It doesn't write over an existing sequence. It will update the 
attributes of the object you wanted to create to match those of the 
existing object in the database, unless you pass in an object factory 
(-obj_factory => $myseqfactory).

>
> In Bio/DB/BioSQL/BasePersistenceAdaptor.pm, line 196-213, you try to
> insert an the new object. If this fails, you conclude this object 
> already exists and retrieve it from the DB. Now this behaviour is ok 
> for creating the eventually missing foreign key objects. However, if I 
> invoke create() on an sequence object, I'd expect this object to be 
> newly created or to receive an error.
>

If that's what you expect then run a find_by_unique_key() first to make 
sure it's not present already. (Note that this is still no guarantee 
because between the time you get the negative result and the time you 
commit the create() transaction somebody else may have inserted the 
same sequence.)

Note that the method is named create(), not insert_or_fail().
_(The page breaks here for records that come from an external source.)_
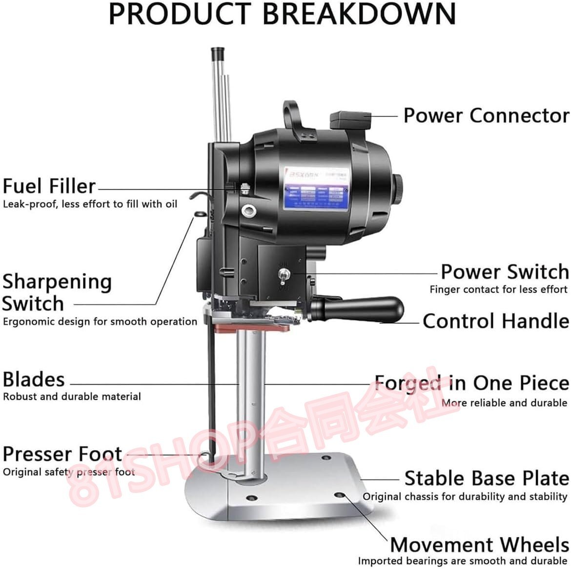 布地切断機: この電動布地カッターは、信頼性のために 1100W/1200W 純銅モーターを備えています。3400 rpm の切断速度で強力な切断力を発揮し、複数の層の布地を楽々と処理します。さまざまな厚さの切断ニーズに対応できます。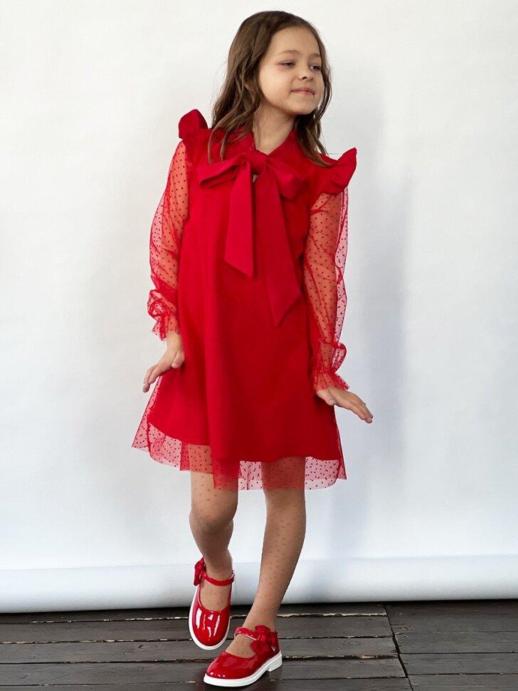 Платье для девочки нарядное бушон ST50, отделка фатин, цвет красный (122-128) 2 500 ₽
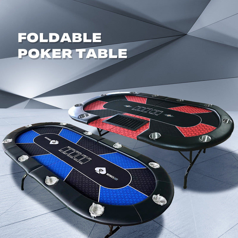 10 Player Foldable Red Color Poker Table Blackjack Texas Holdem With Cup Holders Card Tables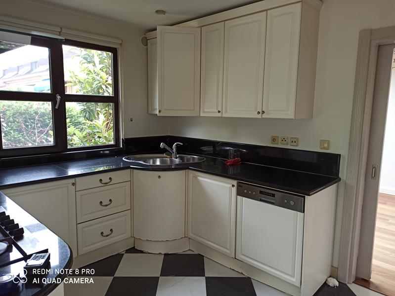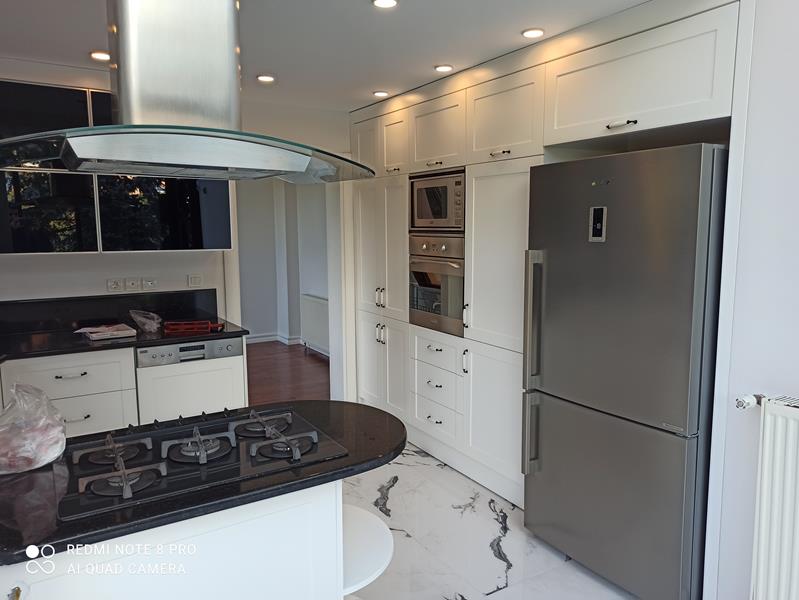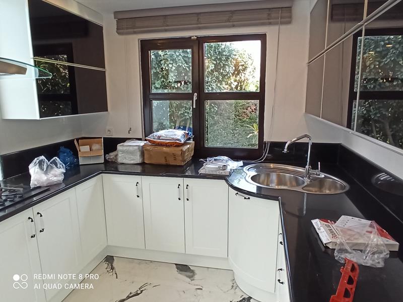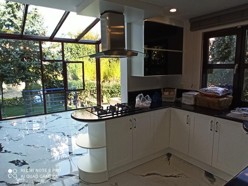 Mutfak dolapları, lake country tarzında yeniden üretilerek hem estetik hem de işlevsel açıdan yenilenmiştir.
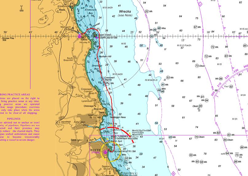 Dernière étape avant l'Ecosse. Après une pêche "miraculeuse" avant Coquet Island, arrivée olé olé au début du flot dans un chenal coté à 0,1 m. Poussé par une sorte de mascaret, modeste, le sondeur est descendu à 0,8m, et très probablement le fond de la coque a été bien nettoyé.

The 
purpose is that after the call returns successfully the object on which 
you invoked create() has an equivalent entry in the database. It is not 
an error if the respective row that you wanted to be present in the 
database is already there.

If it were, you'd mandate the user to run in almost all cases the logic 
you found at this place if an exception occurs. I.e., you'd require the 
user to worry about a lot of absence/presence/concurrency/transactional 
possibilities when all that he/she wanted was to make sure the sequence 
(as identified by its unique key) is in the database.

Bioperl-db is not a SQL interface. It's an OR mapper. You use it if you 
want to live and navigate in object land, not when you want to be close 
to the RDBMS vibe. At least that's the goal ...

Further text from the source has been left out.